[Start of Attachment]
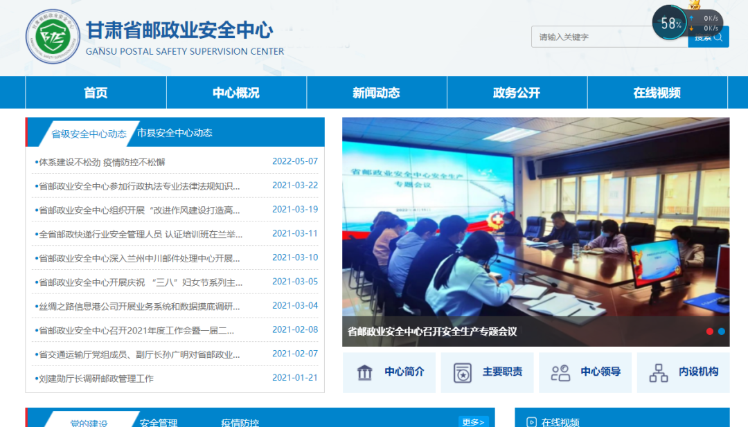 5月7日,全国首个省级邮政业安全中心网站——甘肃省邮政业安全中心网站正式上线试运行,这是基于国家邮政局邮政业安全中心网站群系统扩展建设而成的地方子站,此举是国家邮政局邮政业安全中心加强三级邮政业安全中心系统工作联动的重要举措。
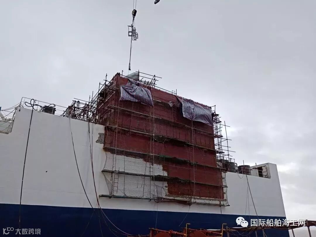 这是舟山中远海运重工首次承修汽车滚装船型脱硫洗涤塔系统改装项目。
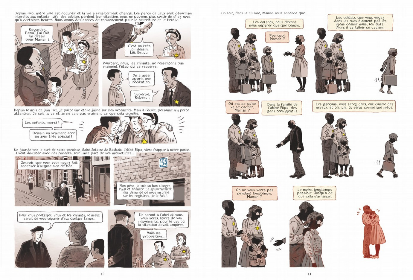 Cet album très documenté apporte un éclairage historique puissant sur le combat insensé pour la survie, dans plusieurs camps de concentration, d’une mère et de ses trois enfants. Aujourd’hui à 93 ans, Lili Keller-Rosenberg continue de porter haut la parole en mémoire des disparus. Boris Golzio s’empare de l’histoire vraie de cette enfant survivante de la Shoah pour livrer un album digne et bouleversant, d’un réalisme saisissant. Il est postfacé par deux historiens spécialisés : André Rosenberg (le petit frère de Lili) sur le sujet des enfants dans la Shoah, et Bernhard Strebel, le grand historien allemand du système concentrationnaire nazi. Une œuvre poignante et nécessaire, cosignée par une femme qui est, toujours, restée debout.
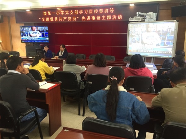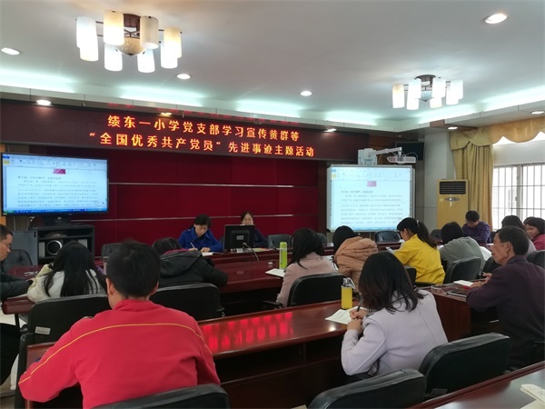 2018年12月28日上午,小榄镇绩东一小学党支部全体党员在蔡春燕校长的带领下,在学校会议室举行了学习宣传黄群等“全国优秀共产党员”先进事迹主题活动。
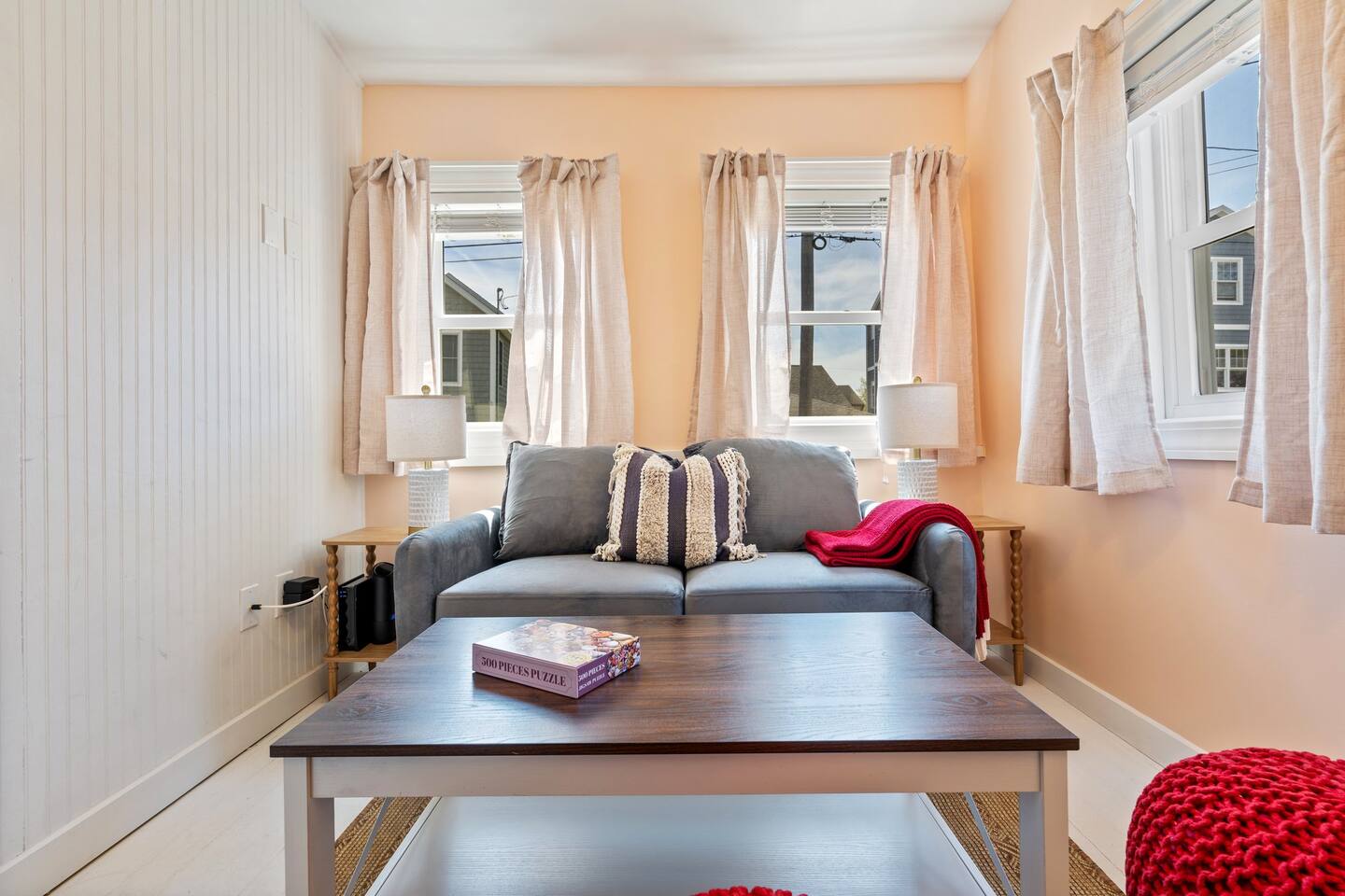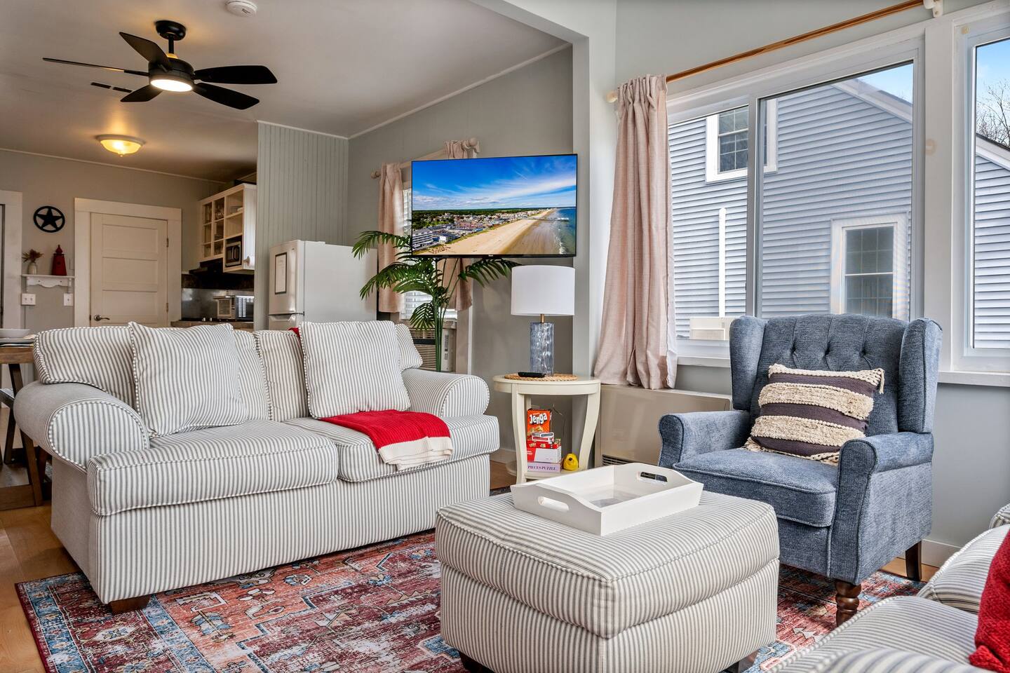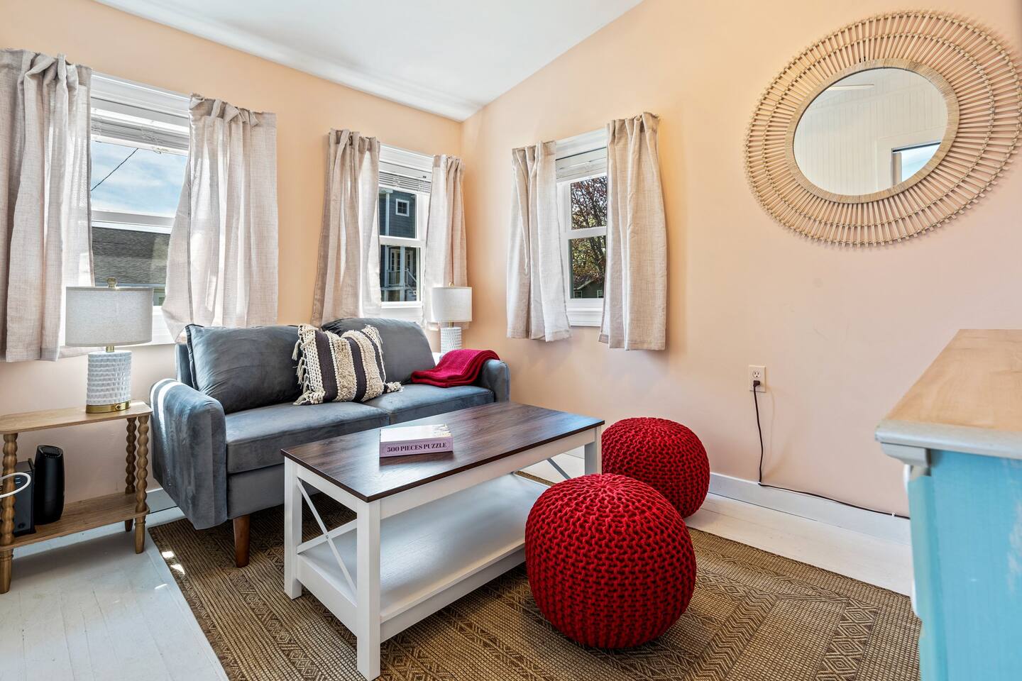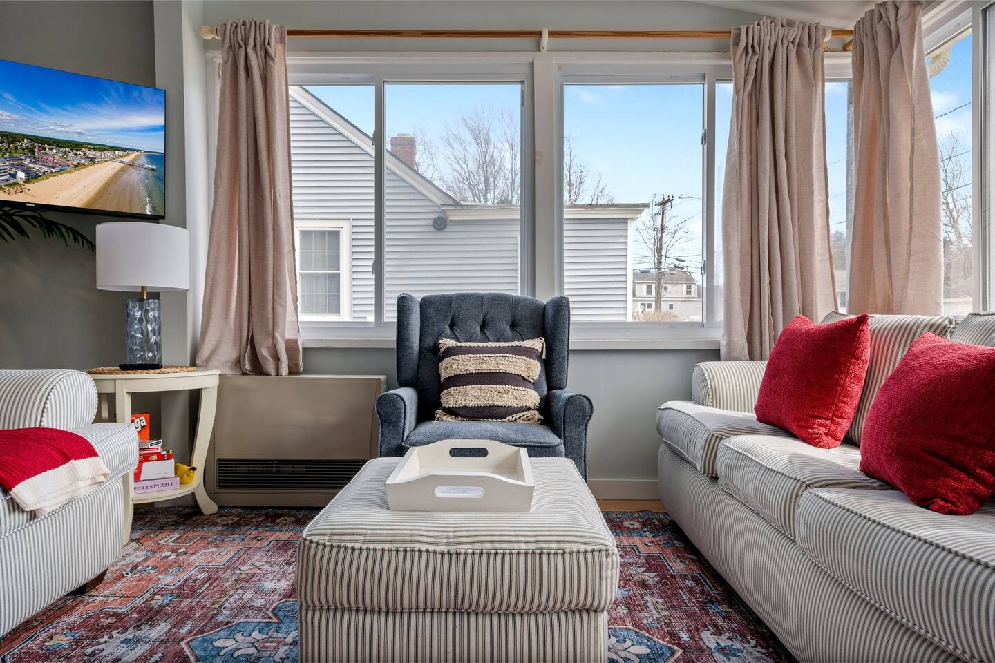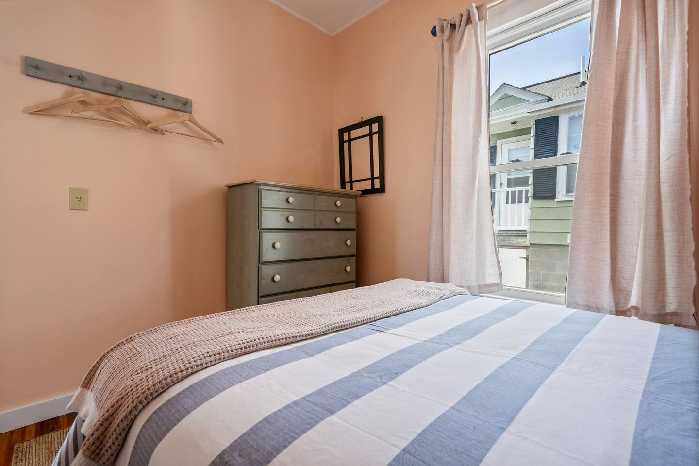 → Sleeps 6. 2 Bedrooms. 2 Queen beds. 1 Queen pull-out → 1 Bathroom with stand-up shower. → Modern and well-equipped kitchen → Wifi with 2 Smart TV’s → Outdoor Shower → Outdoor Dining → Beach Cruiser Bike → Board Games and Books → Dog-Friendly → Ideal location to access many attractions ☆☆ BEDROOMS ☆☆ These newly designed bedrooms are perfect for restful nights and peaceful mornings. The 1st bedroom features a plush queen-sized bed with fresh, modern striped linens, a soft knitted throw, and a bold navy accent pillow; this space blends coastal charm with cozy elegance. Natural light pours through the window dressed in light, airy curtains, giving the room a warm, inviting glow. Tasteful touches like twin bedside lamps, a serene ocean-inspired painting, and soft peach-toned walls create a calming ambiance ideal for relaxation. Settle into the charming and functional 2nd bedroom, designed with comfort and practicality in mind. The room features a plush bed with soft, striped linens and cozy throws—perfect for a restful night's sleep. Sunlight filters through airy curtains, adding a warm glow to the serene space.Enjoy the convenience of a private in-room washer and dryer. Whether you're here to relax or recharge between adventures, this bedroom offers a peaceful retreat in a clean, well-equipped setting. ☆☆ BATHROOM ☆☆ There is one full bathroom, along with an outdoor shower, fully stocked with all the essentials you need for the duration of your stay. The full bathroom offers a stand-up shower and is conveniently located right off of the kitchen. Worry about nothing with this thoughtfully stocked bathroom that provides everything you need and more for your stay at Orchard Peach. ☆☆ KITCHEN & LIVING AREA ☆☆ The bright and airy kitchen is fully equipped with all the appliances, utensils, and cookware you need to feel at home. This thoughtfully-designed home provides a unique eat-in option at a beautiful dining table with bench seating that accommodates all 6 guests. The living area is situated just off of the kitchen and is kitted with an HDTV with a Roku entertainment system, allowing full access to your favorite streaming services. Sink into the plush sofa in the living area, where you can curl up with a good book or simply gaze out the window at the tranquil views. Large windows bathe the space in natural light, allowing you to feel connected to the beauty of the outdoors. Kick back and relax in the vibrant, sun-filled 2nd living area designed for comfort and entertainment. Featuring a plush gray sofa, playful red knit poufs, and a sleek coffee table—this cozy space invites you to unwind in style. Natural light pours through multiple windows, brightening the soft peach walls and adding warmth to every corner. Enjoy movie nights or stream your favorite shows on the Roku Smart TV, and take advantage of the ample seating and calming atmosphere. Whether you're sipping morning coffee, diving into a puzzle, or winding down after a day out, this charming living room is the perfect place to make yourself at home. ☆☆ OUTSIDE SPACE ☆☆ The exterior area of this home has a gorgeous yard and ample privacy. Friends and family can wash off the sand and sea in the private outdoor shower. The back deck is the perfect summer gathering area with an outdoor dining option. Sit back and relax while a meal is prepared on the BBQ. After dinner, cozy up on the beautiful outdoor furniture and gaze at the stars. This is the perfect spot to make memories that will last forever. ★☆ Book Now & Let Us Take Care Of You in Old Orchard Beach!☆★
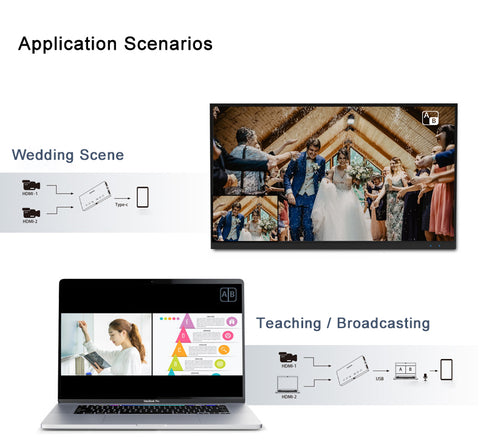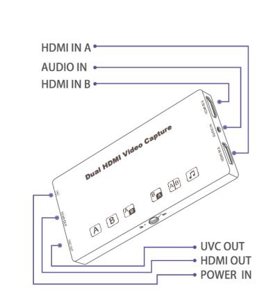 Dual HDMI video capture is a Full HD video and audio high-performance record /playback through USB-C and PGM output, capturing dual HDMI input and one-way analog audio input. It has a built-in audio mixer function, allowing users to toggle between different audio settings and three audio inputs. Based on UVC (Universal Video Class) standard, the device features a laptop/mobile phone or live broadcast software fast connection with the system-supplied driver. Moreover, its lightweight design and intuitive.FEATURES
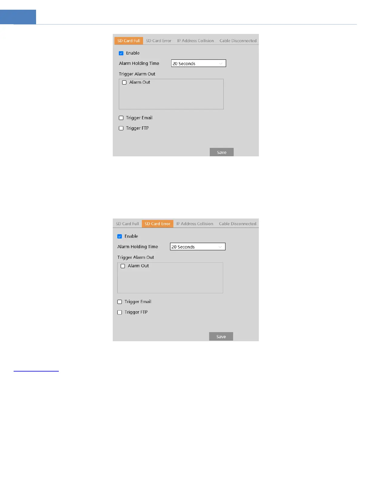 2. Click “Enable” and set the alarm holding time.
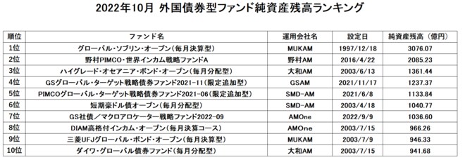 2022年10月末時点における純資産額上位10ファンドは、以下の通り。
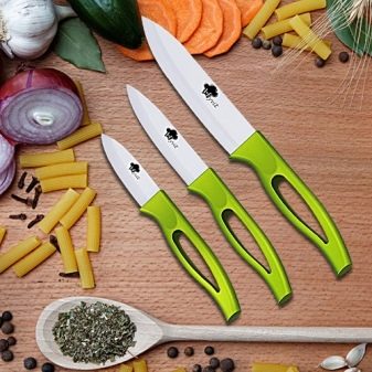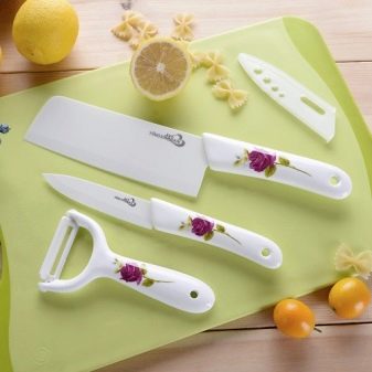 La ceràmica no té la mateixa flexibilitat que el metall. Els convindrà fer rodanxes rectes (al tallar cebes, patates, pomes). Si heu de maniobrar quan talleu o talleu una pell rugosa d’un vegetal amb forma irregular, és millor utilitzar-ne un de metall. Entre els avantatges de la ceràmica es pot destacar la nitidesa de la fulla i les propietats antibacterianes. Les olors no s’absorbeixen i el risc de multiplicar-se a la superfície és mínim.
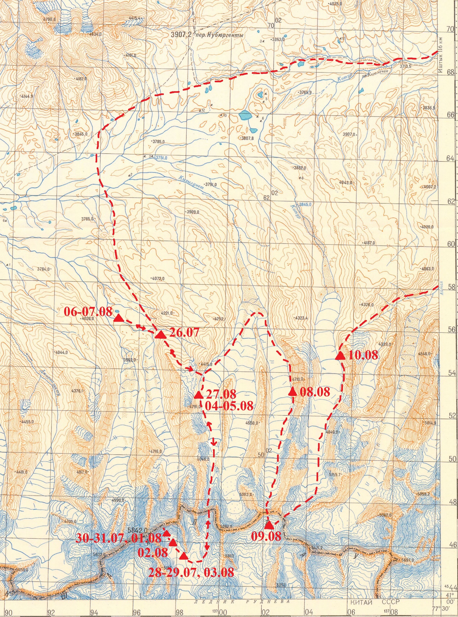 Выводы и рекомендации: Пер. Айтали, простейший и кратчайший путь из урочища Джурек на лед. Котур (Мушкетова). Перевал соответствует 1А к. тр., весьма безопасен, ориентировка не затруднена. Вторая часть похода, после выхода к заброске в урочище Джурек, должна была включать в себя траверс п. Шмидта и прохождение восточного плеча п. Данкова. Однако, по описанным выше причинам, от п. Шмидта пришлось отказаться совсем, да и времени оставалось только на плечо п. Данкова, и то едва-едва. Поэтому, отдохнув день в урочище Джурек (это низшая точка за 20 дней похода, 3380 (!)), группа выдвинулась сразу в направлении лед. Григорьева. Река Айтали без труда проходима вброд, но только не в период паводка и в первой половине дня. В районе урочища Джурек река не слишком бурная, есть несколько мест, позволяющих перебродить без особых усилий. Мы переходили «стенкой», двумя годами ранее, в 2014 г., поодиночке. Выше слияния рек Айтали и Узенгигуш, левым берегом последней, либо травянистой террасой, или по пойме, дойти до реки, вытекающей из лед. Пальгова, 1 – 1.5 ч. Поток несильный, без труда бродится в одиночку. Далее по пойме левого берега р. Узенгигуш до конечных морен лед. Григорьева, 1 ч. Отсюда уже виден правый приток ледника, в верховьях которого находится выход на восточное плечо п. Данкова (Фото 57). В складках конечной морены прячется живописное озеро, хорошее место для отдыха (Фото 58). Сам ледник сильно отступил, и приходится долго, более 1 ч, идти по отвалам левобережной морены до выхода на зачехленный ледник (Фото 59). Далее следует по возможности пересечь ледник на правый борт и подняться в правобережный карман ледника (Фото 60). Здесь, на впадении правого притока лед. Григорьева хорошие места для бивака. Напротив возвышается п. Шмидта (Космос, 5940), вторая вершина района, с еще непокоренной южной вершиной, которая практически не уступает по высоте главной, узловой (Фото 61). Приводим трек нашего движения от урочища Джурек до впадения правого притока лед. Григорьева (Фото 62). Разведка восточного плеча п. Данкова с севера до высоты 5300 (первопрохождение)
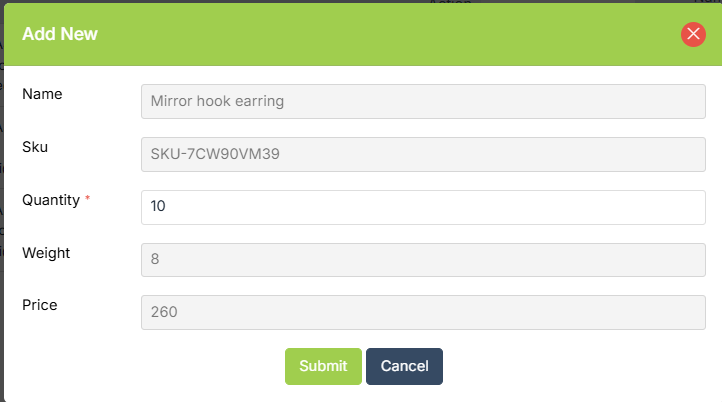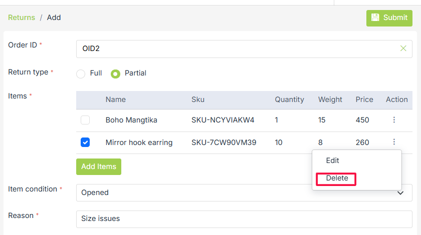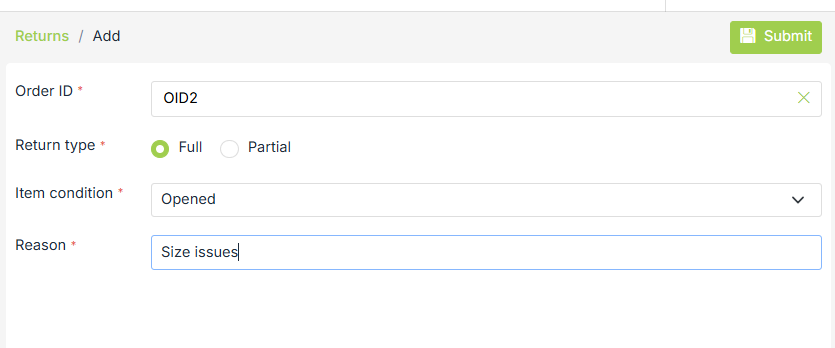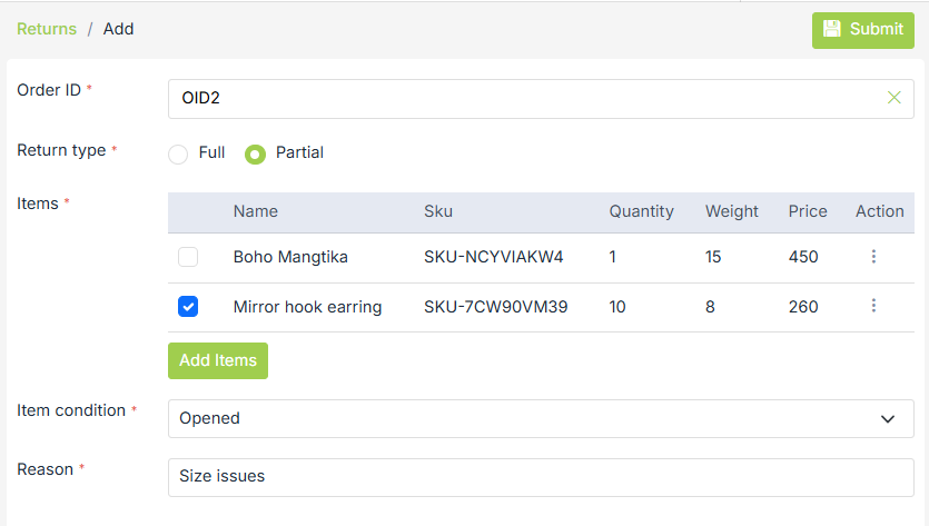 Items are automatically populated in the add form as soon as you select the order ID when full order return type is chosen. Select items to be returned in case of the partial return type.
[End of Attachment]
Copy exactly, and only, the lines from the first line of the material through the line that contains "这是舟山中远海运重工首次承修汽车滚装船型脱硫洗涤塔系统改装项目。", both ends kept; no pictures.

 5月7日,全国首个省级邮政业安全中心网站——甘肃省邮政业安全中心网站正式上线试运行,这是基于国家邮政局邮政业安全中心网站群系统扩展建设而成的地方子站,此举是国家邮政局邮政业安全中心加强三级邮政业安全中心系统工作联动的重要举措。
 这是舟山中远海运重工首次承修汽车滚装船型脱硫洗涤塔系统改装项目。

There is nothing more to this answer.